Стиснув зубы, Нейл выпалил:

– Тебе все равно здесь не служить, Рассел. Рано или поздно ты уберешься из полка!

Захлопнув дверь за незваным гостем, Алекс направился в ванную: весь пол на несколько дюймов был залит водой – пока он выяснял отношения с этим занудой Форрестером, вода перелилась через край ванны.

Закрыв кран, он медленно поплелся к постели и, не раздеваясь, лег поверх покрывала. Он снова подумал о Нейле Форрестере, – наверное, Майлз стал бы таким же, останься он в живых… А лошадь все-таки придется переставить! Алекс со всей ясностью понял, что коль скоро он хочет выжить в этом мире, ему надо будет научиться смиряться… Следующей весной ему предстоит жениться – уж кто-кто, а эта Джудит несомненно внесет свой вклад в то, чтобы он «стал человеком»! Он будет связан по рукам и ногам, и наконец-то сэр Четсворт сможет спать спокойно: беспутный Алекс станет хоть отдаленно напоминать паиньку Майлза. Молодой человек закрыл глаза. Следующей весной ему будет всего двадцать пять – что же за жизнь предстоит ему на протяжении оставшихся пятидесяти лет?

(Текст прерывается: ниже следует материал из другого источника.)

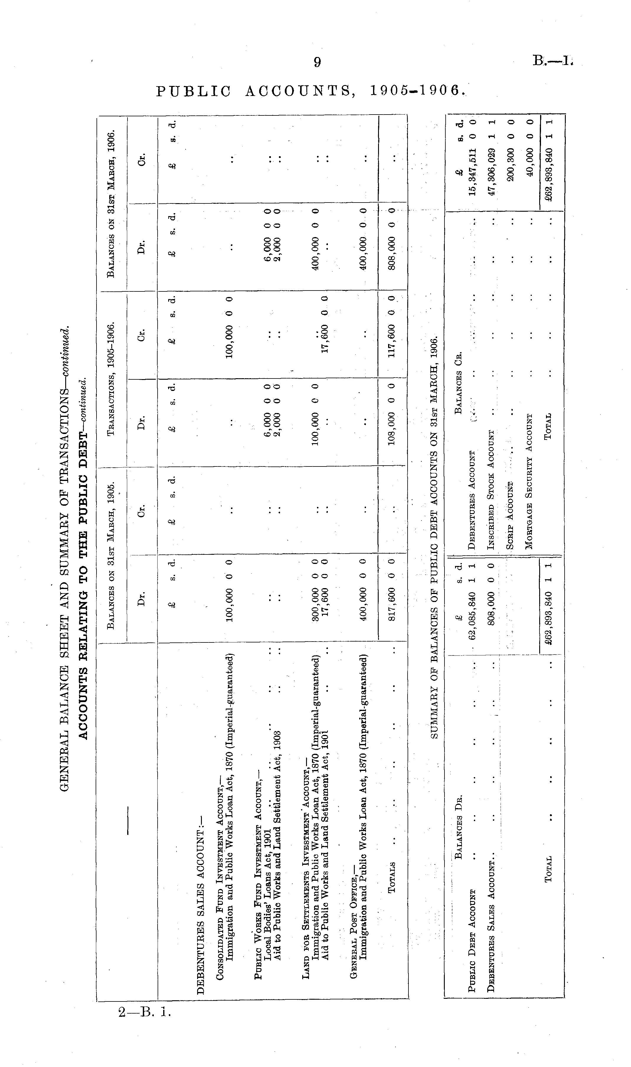 Balances on 31st Mabch, 1905. Tkansactions, 1905-1906. Balances on 31st March, 1906. Dr. Or. Dr. Or. Dr. Or. £ s. d. £ s. d. £ s. d. £ s. d. £ s. d. £ s. d. DEBENTUEBS SALES ACCOUNT:— Consolidated Pond Investment Account, — Immigration and Public Works Loan Act, 1870 (Imperial-guaranteed) 100,000 0 0 100,000 0 0 Public Works Fund Investment Account, — Local Bodies' Loans Act, 1901 Aid to Public Works and Land Settlement Act, 1903 6,000 0 0 2,000 0 0 6,000 0 0 2,000 0 0 Land fob Settlements Investment Account, — Immigration and Public Works Loan Act, 1870 (Imperial-guaranteed) Aid to Public Works and Land Settlement Act, 1901 300,000 0 0 17,600 0 0 100,000 0 0 17,600 0 0 400,000 0 0 General Post Office, — Immigration and Public Works Loan Act, 1870 (Imperial-guaranteed) 400,000 0 0 400,000 0 0 Totals 817,600 0 0 108,000 0 0 117,600 0 0 808,000 0 0 SUMMARY OP BALANCES OP PUB! ,10 DEBT ACCOUNTS ON 31st MAECH, 1906. Balances Dβ. £ s. d. Balances Ce. £ s. a. Public Debt Account Debentures Sales Account.. .. • 62,085,840 1 1 808,000 0 0 Debentures Account (.. ■ 15,347,511 0 0 Inscribed Stock Account 47,306,029 1 1 Scbip Account. 200,300 0 0 Mortgage Security Account 40,000 0 0 Total i £62,893,840 1 1 ! £62,893,840 1 1 Total £62,893,840 1 1

Если офицеры стрелкового полка надеялись увидеть на традиционном летнем балу невесту лейтенанта Рассела, их ожидало разочарование—в самой середине июля погода резко ухудшилась и юная мисс решила не посещать бал. Вскоре младшим офицерам, поступившим в полк в этом году, пришлось отправиться в Кент, на курсы стрелковой подготовки.

Впервые за несколько месяцев, проведенных в полку, Алекс почувствовал какой-то интерес к военному делу. Юный Рассел был отличным стрелком: у него был меткий глаз и твердая рука. Но, к великому удивлению Алекса, его успехи на стрельбище не вызвали восхищения сослуживцев… Напротив, каждое попадание в «яблочко» сопровождалось презрительными гримасами, словно речь шла о попытках наглого выскочки завоевать себе репутацию… Алекс почувствовал, что дело здесь именно в его личности: будь на его месте какой-нибудь Нейл Форрестер, сослуживцы лишь порадовались бы его успехам.

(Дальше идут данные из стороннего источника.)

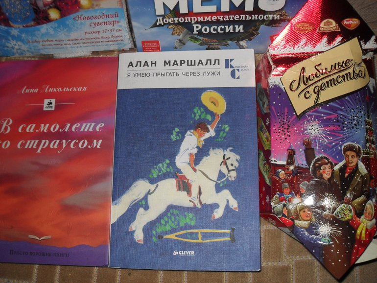 Три книжечки чудесные, игра замечательная, снегурочка-рукоделочка на бутылку чехол и сладенькое на десерт!

Алекс относился к происходящему философски. Он знал, что товарищи по полку не правы: его с детства учили не быть выскочкой, но оправдываться перед ними он вовсе не собирался. Да и потом, какое значение имели все эти косые взгляды?! Алекс был так рад возможности держать в руках настоящую армейскую винтовку, что попросту не обращал внимания на такие мелочи! Впрочем, он не без удовлетворения отмечал, что Нейл Форрестер – его давний соперник – стреляет из рук вон плохо по сравнению с ним. Алекс с поразительной точностью поражал движущиеся мишени, тогда как Нейл – с трудом попадал в неподвижные.

Именно на этих учениях и вспыхнула та ссора с Форрестером, которая так давно назревала. Вот уже целую неделю – утром и после обеда – они лежали по два часа на земле, целясь и стреляя в круглые мишени, силуэты человеческих фигур и «бегущих зверей». Но и на исходе седьмого дня молодой Форрестер стрелял так же плохо, как и в начале стрелковой подготовки. В результате нервы его стали сдавать – он начал стрелять, не дожидаясь приказа начальника.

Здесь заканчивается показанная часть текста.